Javascript String uses UTF-16. Code points in the input string exceed what one byte can store:
Example:
// Javascript represents string as sequence of UTF-16.
let originalString = "美";
console.log(`originalString.codePointAt(0)=${originalString.codePointAt(0)}`); // Prints:
// Prints: originalString.codePointAt(0)=32654
Try encoding the string to a Buffer first:
const data = { a: "美味しい", b: "مزیدار" };
let originalString = JSON.stringify(data);
console.log("Original:", originalString);
// Encode string to sequence of bytes in UTF-8.
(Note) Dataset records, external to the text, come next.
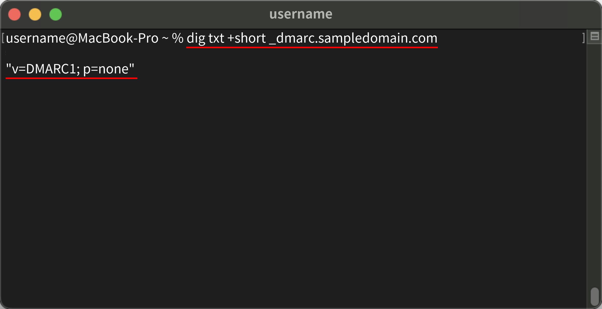 dig txt +short _dmarc.sampledomain.com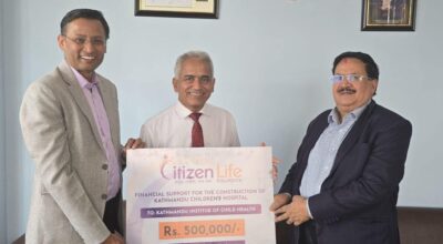 काठमाडौं, १९ चैत । काठमाडौं बाल अस्पताल निर्माणका लागि सिटिजन लाइफ इन्स्योरेन्सले ५ लाख सहयोग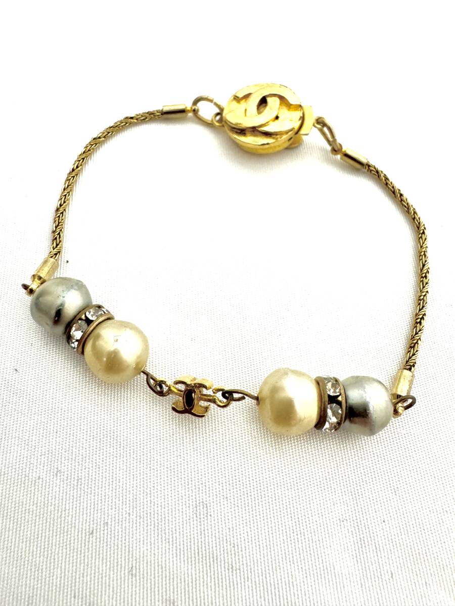 - 7F2910【本物保証】シャネル ブレスレット ココマーク ゴールド フェイク パール 489 vintage CHANEL
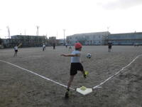 4年生 雨上がりのグラウンドで体育「キックベース」を行っていました。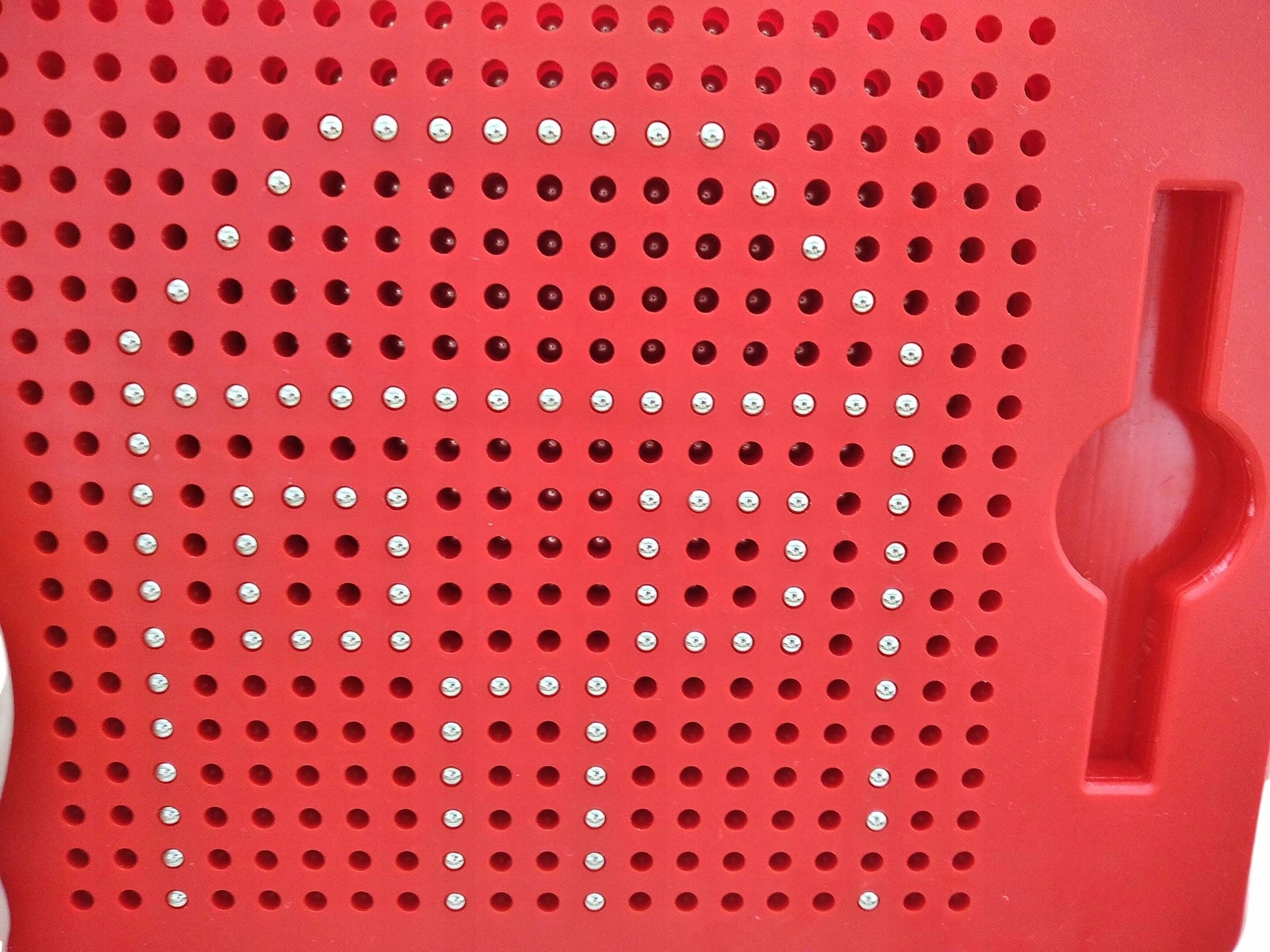 Коли ви рухаєте намагніченим кінчиком пера над отворами на дошці, кульки осідають, створення малюнка.

const originalStringBuffer = Buffer.from(originalString, "utf-8");
let encodedRaw = base122.encode(originalStringBuffer);
let encodedString = Buffer.from(encodedRaw, "utf-8").toString();
console.log("Encoded:", encodedString);
let decodedRaw = base122.decode(encodedString);
let decodedString = Buffer.from(decodedRaw).toString("utf-8");
console.log("Decoded:", decodedString);
Outputs:
Original: {"a":"美味しい","b":"مزیدار"}
Encoded: =HL↕◄hEg_#יˏG☺Kxp↑XGΖf♂XY6qME?1'l,$'h
Decoded: {"a":"美味しい","b":"مزیدار"}
I think an improvement is to have encode
throw an exception if given a string with code points that occupy more than one byte. This is proposed in https://github.com/kevinAlbs/Base122/pull/15
The key info here was JS storing strings as UTF-16. I don't know why I thought JS uses UTF-8 for strings by default.
https://github.com/kevinAlbs/Base122/pull/15 is merged. Closing.